Items from a dataset:
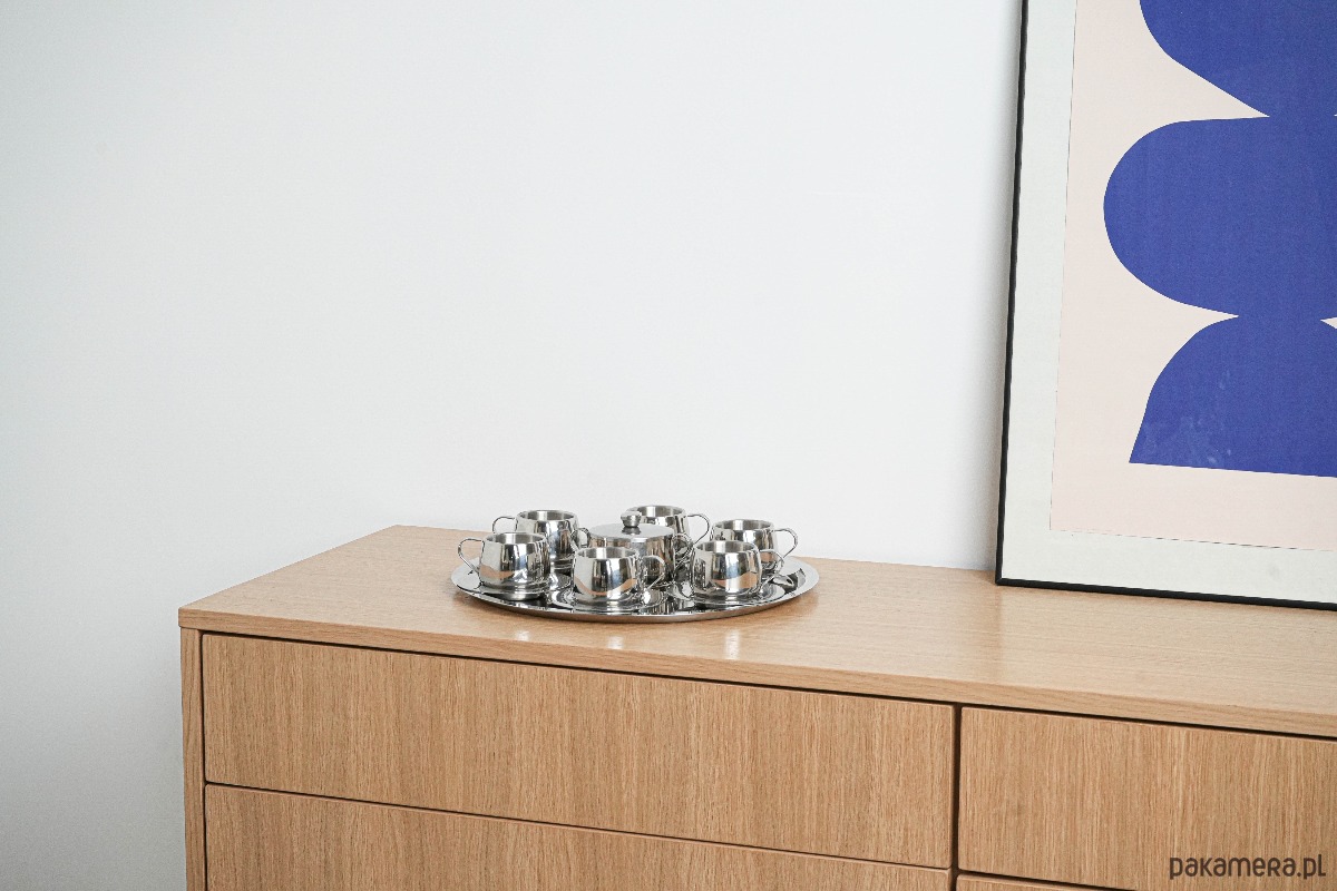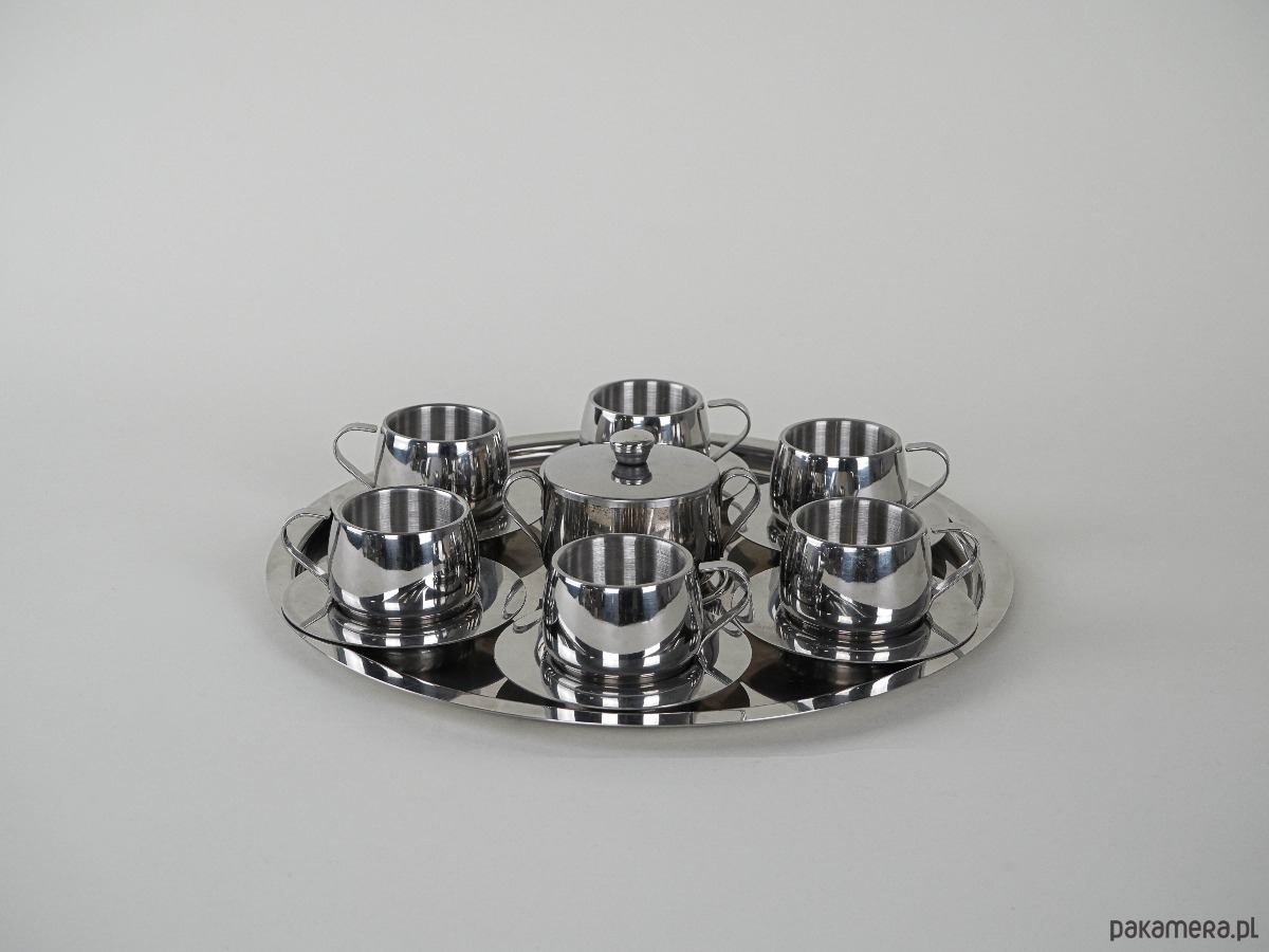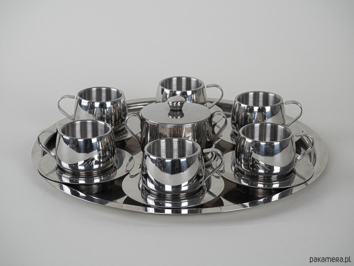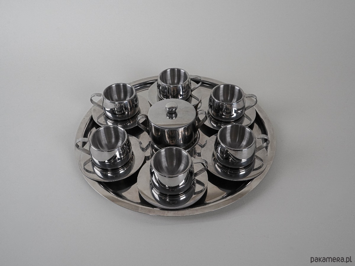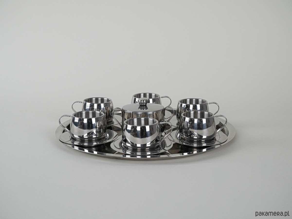 Komplet filiżanek z tacą i cukiernicą ze stali nierdzewnej – elegancki zestaw w stylu modernistycznym z lat 70.–80. XX w., wykonany z polerowanej stali nierdzewnej. Składa się z sześciu filiżanek ze spodkami, cukiernicy z pokrywką i dużej tacy. Ponadczasowy design i wysoka jakość wykonania sprawiają, że świetnie odnajdzie się w każdej aranżacji, a jego walory kolekcjonerskie czynią go wyjątkową ozdobą stołu.
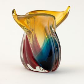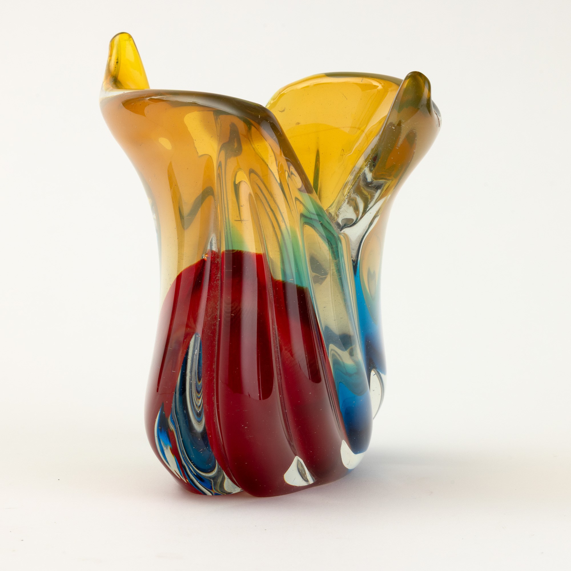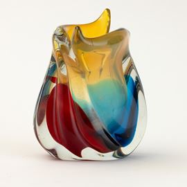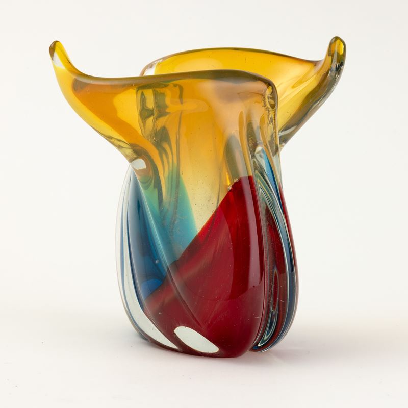 An oval-section vase with a polychrome sommerso decor
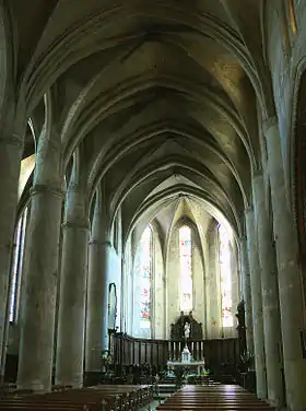 Grande nef et orgue. On constate la différence de largeur de la nef entre la première travée avec la tribune d'orgue et les suivantes et une fausse pile à gauche
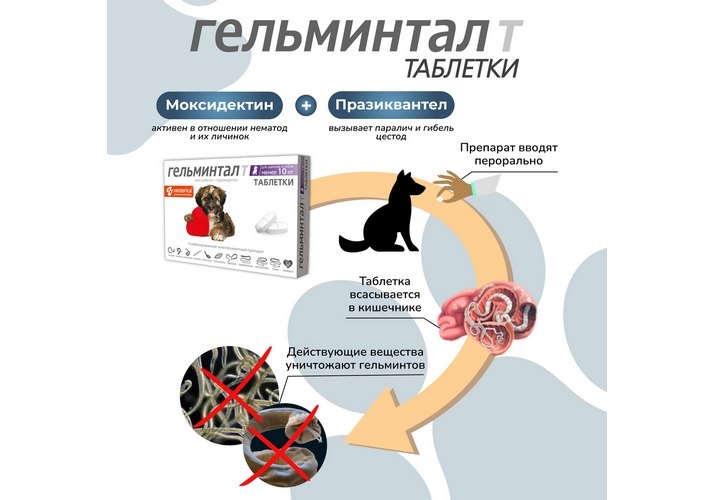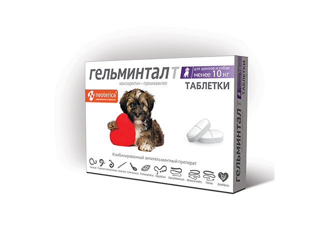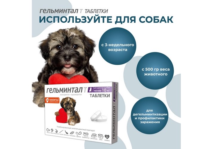 Гельминтал Т Таблетки от Гельминтов для Щенков и собак весом до 10 кг 1 х 2 шт
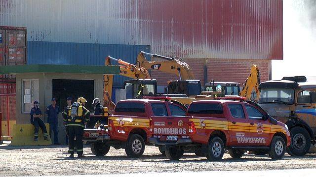 Exército, PM, Defesa Civil e Corpo de Bombeiros lutam desde terça-feira (24) contra reação química que alimenta o incêndio sem chamas em depósito de fertilizantes de São Francisco do Sul (SC).
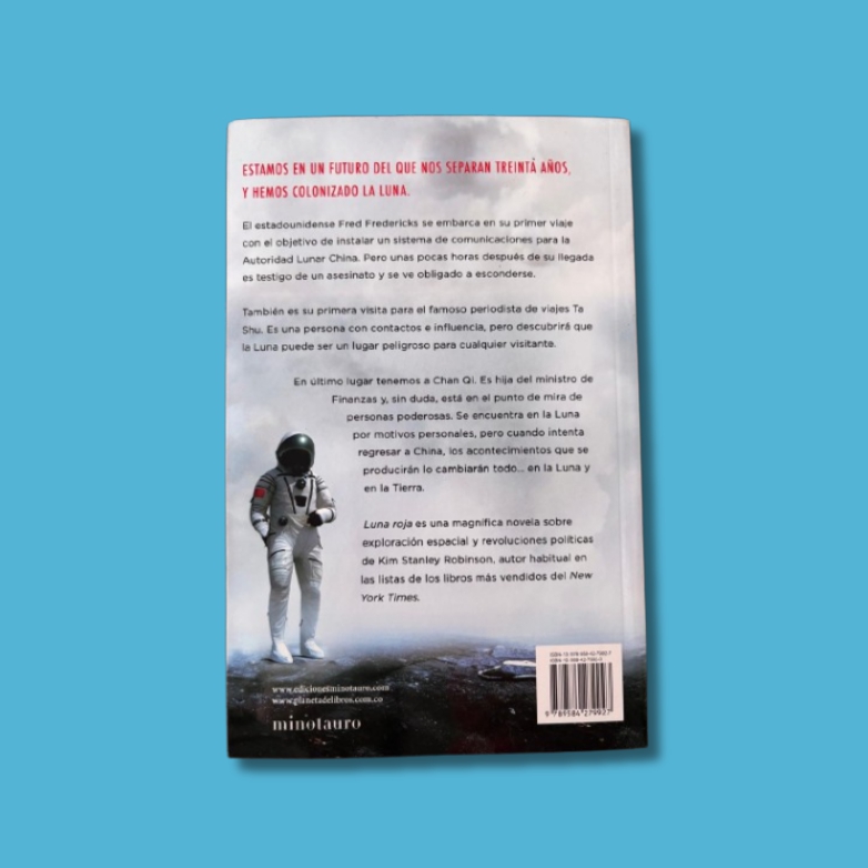 El estadounidense Fred Fredericks se embarca en su primer viaje con el objetivo de instalar un sistema de comunicaciones para la autoridad Lunar china. Pero unas pocas horas después de su llegada es testigo de un asesinato y se ve obligado a esconderse. También es su primera visita para el famoso periodista de viajes Ta Shu. Es una persona con contactos e influencia, pero descubrirá que la luna puede ser un lugar peligroso para cualquier visitante. En último lugar tenemos a Chan Qi. Es hija del ministro de finanzas y, sin duda, esta en el punto de mira de personas poderosas. Se encuentra en la luna por motivos personales, pero cuando intenta regresar a China, los acontecimientos que se producirán lo cambiarán todo… en la luna y en la tierra. Luna roja es una magnífica novela sobre exploración espacial y revoluciones políticas de Kim Stanley Robinson, autor habitual en las listas de los libros más vendidos del New York Times.
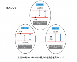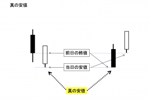 真の高値から真の安値を引いたもので、True range(トゥルーレンジ)
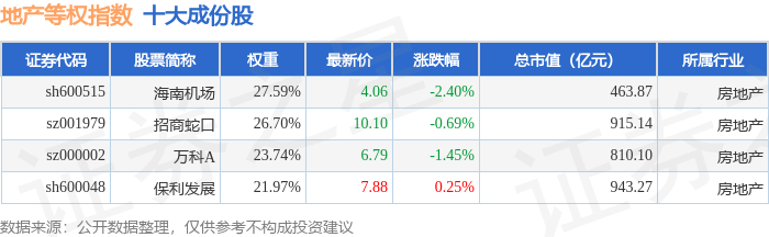 地产等权(399983)指数十大成份股详情如下:
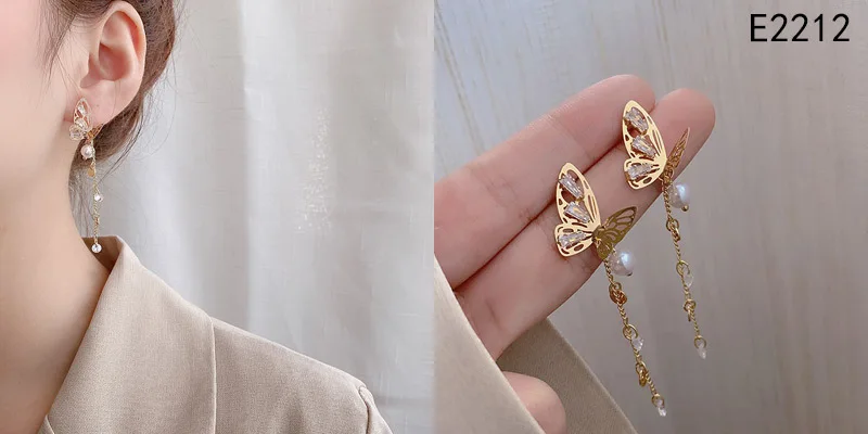 Style2022 New Trendy Long Butterfly Clip Earrings
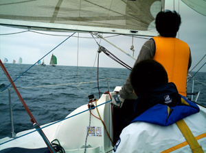 やはり大きい船は速い!同じAYCのSPRINT9.5。 こっちは一生懸命スピンランなのに スピン無しで同じところを走っている。 |
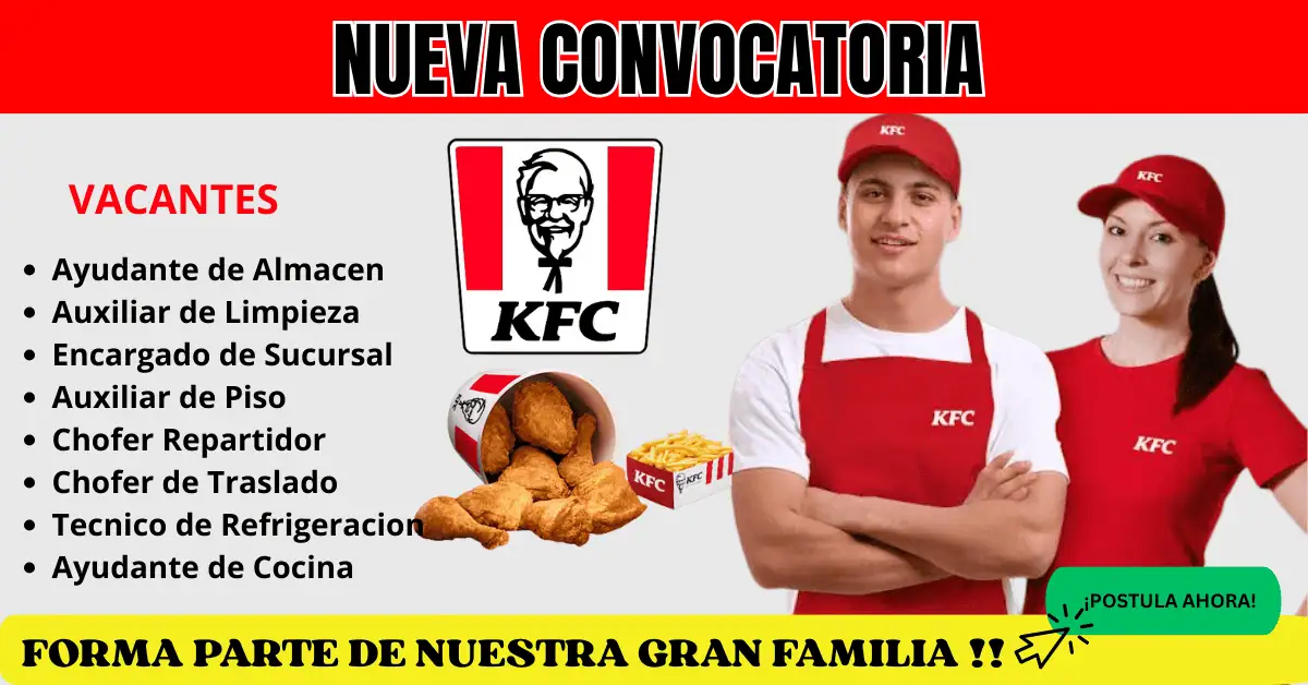 KFC ofrece vacantes con funciones, requisitos y beneficios claros, brindando capacitación, crecimiento profesional y estabilidad laboral en un ambiente dinámico, seguro y lleno de oportunidades.
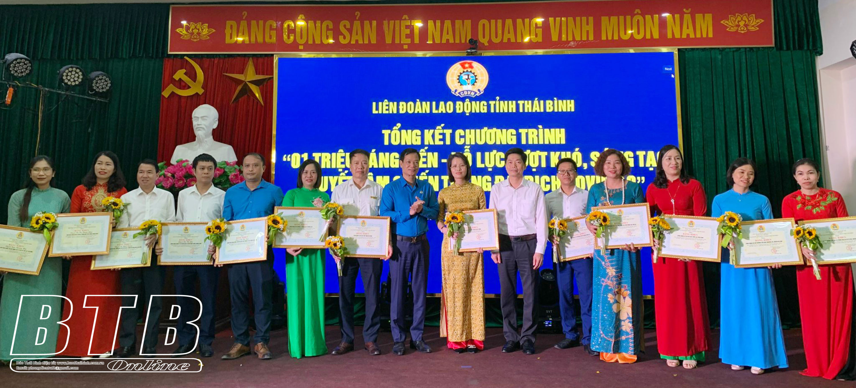 Tại hội nghị, 76 tập thể, cá nhân có thành tích xuất sắc trong chương trình “1 triệu sáng kiến - nỗ lực vượt khó, sáng tạo, quyết tâm chiến thắng đại dịch Covid-19” đã được nhận bằng khen của Tổng Liên đoàn Lao động Việt Nam, Liên đoàn Lao động tỉnh.
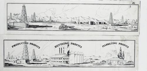 Tabor Utley (1891-1978) Pen & Ink Rare example of Tabor's commercial art career Oil Fields 1924 4 1/4 x 16"
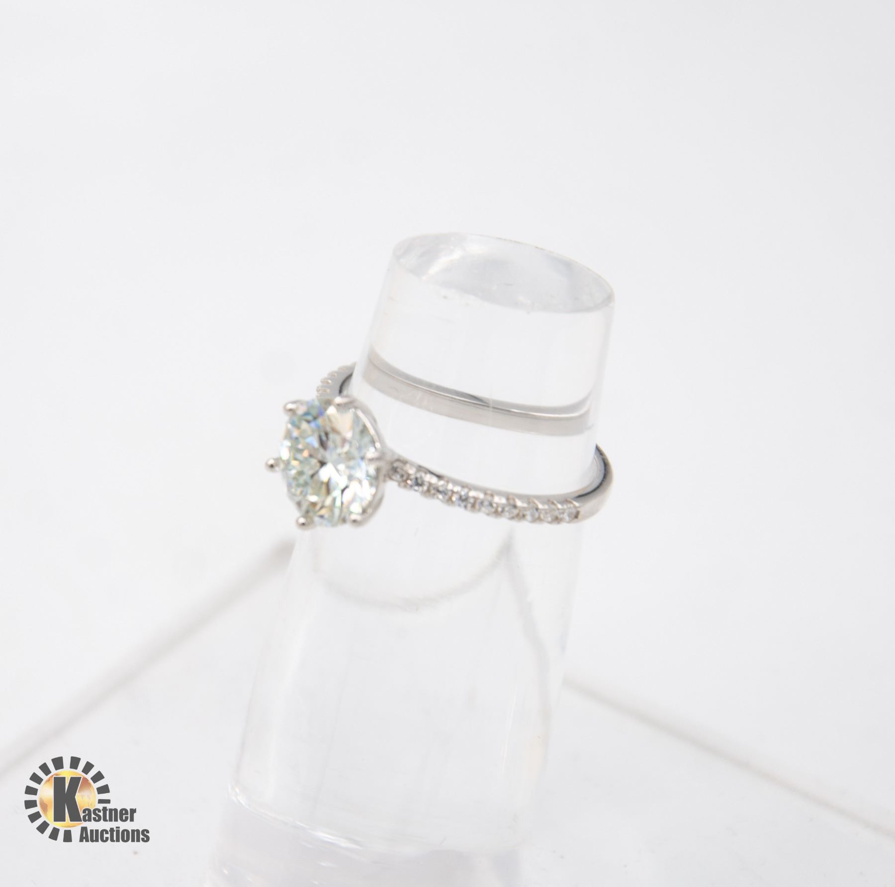 MOISSANITE STONE VVS D COLOR SET IN CENTER OF 6 CLAW HEAD SET IN 925 SILVER RING SIZE 6 COMES WITH GIFT BOX
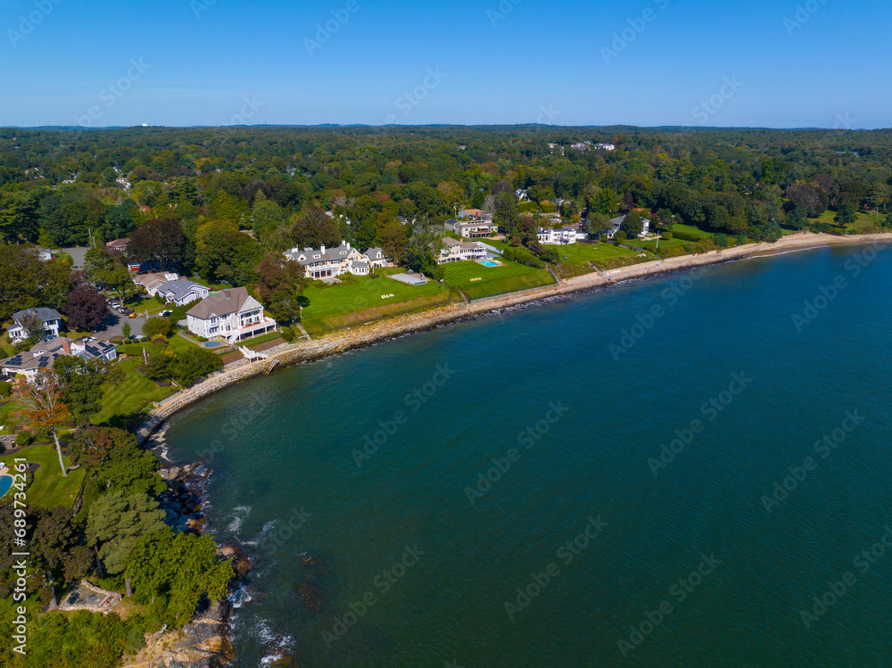 Patch Beach and Brackenbury Beach aerial view at Beverly Cove with Curtis Point at fall in town of Beverly, Massachusetts MA, USA.

## WHAT TO DO
Among the entries above, take the line with "真の高値から真の安値を引いたもので、True range(トゥルーレンジ)", the line with "MOISSANITE STONE VVS", and all the lines between them, and restate them word for word without pictures.

## RESULT BELOW
 真の高値から真の安値を引いたもので、True range(トゥルーレンジ)
 地产等权(399983)指数十大成份股详情如下:
 Style2022 New Trendy Long Butterfly Clip Earrings
 やはり大きい船は速い!同じAYCのSPRINT9.5。 こっちは一生懸命スピンランなのに スピン無しで同じところを走っている。 |
 KFC ofrece vacantes con funciones, requisitos y beneficios claros, brindando capacitación, crecimiento profesional y estabilidad laboral en un ambiente dinámico, seguro y lleno de oportunidades.
 Tại hội nghị, 76 tập thể, cá nhân có thành tích xuất sắc trong chương trình “1 triệu sáng kiến - nỗ lực vượt khó, sáng tạo, quyết tâm chiến thắng đại dịch Covid-19” đã được nhận bằng khen của Tổng Liên đoàn Lao động Việt Nam, Liên đoàn Lao động tỉnh.
 Tabor Utley (1891-1978) Pen & Ink Rare example of Tabor's commercial art career Oil Fields 1924 4 1/4 x 16"
 MOISSANITE STONE VVS D COLOR SET IN CENTER OF 6 CLAW HEAD SET IN 925 SILVER RING SIZE 6 COMES WITH GIFT BOX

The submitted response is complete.